New Haven Tree Project -- Bad for the Trees?

As new trees take root in ample plots of grass by the Westville cemetery, others down Route 63 are being “entombed” in concrete “coffins” that, in the eyes of one urban forester, will ensure their lives are nasty, brutish and short.
Chris Ozyck, greenspace manager for the Urban Resources Initiative (URI), made that appraisal during a recent trip down Whalley Avenue.
He started first by the Westville Cemetery, where URI put 40 new oaks and crabapples into the ground three weeks ago. Those trees are destined for long healthy lives, he said.
Ozyck then drove less than a mile down Whalley Avenue, where a contractor for the state Department of Transportation (DOT) has been busy putting in dozens of trees along the newly overhauled Route 63. Ozyck pointed out a wide variety of errors in both the design and execution of the tree-planting there. He said the young trees are destined for a brief, tortured existence thanks in part to a lack of soil volume, being planted too close together in rocky unforgiving soil, and being surrounded by stifling asphalt and concrete.
Delois Barnes, a transportation landscape designer with the DOT, said the trees will be fine and that they actually have more room for their roots than trees in other cities. Asked one by one about the concerns Ozyck named, she said they were unfounded.
Ozyck said the overall premise of the work on Route 63 is off base. It’s too focused on auto traffic, with little consideration for the needs of pedestrians walking on the street, like shade and greenery.

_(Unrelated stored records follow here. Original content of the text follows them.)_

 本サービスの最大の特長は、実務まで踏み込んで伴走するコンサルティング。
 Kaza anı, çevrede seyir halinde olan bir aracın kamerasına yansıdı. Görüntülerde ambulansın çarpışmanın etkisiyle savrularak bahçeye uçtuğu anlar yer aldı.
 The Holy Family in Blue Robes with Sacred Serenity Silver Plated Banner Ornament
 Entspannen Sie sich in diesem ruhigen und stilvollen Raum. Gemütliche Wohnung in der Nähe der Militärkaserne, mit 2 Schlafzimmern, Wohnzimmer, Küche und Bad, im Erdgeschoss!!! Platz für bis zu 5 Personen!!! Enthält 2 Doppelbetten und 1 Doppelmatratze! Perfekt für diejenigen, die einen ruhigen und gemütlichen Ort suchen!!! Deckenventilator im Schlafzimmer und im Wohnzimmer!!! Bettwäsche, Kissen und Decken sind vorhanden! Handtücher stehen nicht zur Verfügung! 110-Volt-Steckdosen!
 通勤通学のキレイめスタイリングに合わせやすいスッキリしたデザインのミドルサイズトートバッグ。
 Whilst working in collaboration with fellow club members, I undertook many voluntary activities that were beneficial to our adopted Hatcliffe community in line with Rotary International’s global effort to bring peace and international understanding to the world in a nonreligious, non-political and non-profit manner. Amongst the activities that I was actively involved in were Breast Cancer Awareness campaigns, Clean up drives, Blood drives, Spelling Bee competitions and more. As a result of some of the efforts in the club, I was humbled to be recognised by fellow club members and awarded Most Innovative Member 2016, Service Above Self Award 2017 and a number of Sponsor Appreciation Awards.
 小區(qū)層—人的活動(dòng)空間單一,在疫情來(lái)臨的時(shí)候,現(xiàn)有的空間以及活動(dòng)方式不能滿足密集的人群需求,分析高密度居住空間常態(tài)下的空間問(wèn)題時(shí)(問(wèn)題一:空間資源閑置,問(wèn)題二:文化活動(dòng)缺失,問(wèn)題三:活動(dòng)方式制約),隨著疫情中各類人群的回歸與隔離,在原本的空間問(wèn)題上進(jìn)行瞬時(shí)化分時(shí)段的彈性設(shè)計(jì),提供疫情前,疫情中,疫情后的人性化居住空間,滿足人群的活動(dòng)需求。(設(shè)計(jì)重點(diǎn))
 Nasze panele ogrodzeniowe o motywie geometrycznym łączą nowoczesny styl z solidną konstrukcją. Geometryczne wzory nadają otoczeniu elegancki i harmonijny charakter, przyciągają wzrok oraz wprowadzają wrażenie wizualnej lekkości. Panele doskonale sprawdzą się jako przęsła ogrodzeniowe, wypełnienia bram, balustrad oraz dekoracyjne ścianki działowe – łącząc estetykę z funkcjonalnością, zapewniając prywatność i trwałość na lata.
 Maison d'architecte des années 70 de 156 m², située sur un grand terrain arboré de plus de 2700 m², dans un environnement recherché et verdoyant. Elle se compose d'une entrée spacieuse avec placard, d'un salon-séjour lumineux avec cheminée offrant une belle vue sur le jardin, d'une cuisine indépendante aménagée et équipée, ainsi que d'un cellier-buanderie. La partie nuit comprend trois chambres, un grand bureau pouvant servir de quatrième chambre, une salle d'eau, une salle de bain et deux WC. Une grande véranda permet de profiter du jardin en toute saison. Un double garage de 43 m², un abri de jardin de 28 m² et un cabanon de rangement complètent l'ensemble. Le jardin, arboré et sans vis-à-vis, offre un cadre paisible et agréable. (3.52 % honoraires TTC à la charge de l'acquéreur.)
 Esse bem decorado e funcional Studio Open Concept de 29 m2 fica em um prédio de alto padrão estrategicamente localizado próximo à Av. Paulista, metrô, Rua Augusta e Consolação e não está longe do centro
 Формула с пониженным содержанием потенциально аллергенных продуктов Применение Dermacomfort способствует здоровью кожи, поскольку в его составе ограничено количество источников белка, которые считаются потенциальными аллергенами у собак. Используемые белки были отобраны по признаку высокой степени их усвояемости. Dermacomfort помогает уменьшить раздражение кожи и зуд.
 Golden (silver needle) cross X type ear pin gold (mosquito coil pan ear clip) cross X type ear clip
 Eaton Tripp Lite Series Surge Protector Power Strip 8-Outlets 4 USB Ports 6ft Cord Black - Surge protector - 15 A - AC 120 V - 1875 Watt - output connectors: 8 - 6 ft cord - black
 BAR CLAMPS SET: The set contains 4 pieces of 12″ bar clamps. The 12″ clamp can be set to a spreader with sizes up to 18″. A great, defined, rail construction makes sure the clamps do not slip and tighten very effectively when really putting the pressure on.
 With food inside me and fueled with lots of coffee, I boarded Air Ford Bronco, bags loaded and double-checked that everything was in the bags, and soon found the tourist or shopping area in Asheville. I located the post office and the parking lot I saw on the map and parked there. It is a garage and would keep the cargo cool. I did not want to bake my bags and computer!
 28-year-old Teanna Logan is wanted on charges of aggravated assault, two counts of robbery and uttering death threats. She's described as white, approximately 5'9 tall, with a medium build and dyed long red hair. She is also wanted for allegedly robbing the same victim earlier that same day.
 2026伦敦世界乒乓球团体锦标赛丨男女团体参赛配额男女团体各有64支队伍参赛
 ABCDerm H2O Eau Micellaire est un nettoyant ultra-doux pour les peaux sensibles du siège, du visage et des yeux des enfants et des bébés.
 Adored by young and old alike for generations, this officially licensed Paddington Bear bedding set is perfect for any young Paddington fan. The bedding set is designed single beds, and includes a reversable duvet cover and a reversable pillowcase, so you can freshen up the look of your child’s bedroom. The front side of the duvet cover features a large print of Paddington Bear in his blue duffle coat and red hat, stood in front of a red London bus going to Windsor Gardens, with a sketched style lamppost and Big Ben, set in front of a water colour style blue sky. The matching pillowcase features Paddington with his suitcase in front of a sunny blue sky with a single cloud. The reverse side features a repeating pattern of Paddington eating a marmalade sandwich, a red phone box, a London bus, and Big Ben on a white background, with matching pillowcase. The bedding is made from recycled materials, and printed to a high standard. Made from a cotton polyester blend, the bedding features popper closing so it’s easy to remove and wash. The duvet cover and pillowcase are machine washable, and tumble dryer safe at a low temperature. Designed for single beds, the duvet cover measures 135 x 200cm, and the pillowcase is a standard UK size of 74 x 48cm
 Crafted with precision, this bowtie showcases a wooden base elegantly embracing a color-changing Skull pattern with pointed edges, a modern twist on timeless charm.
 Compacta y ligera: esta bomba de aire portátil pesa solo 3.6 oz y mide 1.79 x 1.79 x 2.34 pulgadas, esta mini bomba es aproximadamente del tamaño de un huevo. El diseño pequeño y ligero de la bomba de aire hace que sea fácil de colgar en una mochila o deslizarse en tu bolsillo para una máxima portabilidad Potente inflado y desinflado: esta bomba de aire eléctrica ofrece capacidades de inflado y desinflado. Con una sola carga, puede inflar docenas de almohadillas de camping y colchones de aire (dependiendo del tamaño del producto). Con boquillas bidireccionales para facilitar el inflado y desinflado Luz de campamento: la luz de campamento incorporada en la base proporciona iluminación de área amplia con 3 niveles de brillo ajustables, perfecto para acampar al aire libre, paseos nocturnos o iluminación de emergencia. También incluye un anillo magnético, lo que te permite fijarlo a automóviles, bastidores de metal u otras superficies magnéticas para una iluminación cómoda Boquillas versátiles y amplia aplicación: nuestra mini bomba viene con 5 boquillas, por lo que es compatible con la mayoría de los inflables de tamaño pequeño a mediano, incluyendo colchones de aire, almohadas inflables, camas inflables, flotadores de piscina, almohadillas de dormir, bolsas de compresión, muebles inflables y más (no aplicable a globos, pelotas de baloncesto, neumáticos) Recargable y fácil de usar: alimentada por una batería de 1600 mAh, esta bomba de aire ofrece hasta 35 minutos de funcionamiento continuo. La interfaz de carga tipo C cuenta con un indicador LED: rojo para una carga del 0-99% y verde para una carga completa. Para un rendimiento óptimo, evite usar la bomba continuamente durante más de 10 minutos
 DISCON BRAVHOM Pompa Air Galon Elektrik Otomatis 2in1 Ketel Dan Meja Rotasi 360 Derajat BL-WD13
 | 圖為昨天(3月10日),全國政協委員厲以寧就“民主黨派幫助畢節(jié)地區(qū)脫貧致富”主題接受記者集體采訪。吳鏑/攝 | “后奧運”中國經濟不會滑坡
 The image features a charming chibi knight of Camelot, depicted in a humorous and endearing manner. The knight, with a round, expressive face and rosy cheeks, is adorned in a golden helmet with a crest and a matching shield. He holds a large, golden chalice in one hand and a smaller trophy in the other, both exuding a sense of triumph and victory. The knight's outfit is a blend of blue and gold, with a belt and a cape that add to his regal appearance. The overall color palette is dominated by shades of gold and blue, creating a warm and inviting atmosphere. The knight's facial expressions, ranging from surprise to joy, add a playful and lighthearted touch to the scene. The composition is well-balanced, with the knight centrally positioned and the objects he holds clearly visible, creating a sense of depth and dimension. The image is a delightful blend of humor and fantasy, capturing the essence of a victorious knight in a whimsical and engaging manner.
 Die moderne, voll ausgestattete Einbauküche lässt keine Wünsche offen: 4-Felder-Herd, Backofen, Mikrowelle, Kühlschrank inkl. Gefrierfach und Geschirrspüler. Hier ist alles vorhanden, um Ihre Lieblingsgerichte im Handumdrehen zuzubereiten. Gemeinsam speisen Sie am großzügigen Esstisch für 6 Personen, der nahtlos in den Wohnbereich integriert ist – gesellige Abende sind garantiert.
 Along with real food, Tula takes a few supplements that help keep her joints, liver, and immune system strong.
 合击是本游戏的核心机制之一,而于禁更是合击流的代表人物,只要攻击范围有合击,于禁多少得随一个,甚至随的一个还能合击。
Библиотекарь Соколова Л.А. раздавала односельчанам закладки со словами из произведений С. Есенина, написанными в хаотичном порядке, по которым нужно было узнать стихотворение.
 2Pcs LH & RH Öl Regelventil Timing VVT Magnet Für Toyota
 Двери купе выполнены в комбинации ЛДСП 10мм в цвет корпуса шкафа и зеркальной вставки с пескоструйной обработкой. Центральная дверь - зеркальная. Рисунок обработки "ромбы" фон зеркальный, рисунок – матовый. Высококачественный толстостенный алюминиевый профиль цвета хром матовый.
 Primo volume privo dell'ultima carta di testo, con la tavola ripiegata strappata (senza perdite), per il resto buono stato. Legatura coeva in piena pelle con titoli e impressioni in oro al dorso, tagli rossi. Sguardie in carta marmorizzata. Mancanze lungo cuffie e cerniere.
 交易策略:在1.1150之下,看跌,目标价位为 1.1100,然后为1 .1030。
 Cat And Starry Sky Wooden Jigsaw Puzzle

Such criticisms have been with the Route 63 project from the start. Several years ago, neighbors organized themselves in opposition to the plan. They sought traffic-calming measures and pedestrian improvements, but their efforts were largely unsuccessful. In one concession, a DOT official cited planned “extensive plantings” as a traffic-calming measure that will make the area more “visually appealing.” He made those comments at the outset of the work, two years ago.
Two years later, the “extensive plantings” seem to be little more than window dressing, Ozyck said. The trees that manage to survive will be stunted and scraggly, he predicted, doing little to cool the street or make it more attractive, he said.
On a sunny recent afternoon, Ozyck turned up at the Westville Cemetery wearing steel-toe boots, shorts, and a neon-green safety vest. His visit to Whalley Avenue began with a success story about the new trees planted there, by the organization he works for.
URI chose to plant oaks in the area. It’s “a good urban tree” that will be able to handle the pollution and sun exposure that comes with life next to a busy state road, Ozyck said. An oak living as a “street tree” will last over 100 years, he said.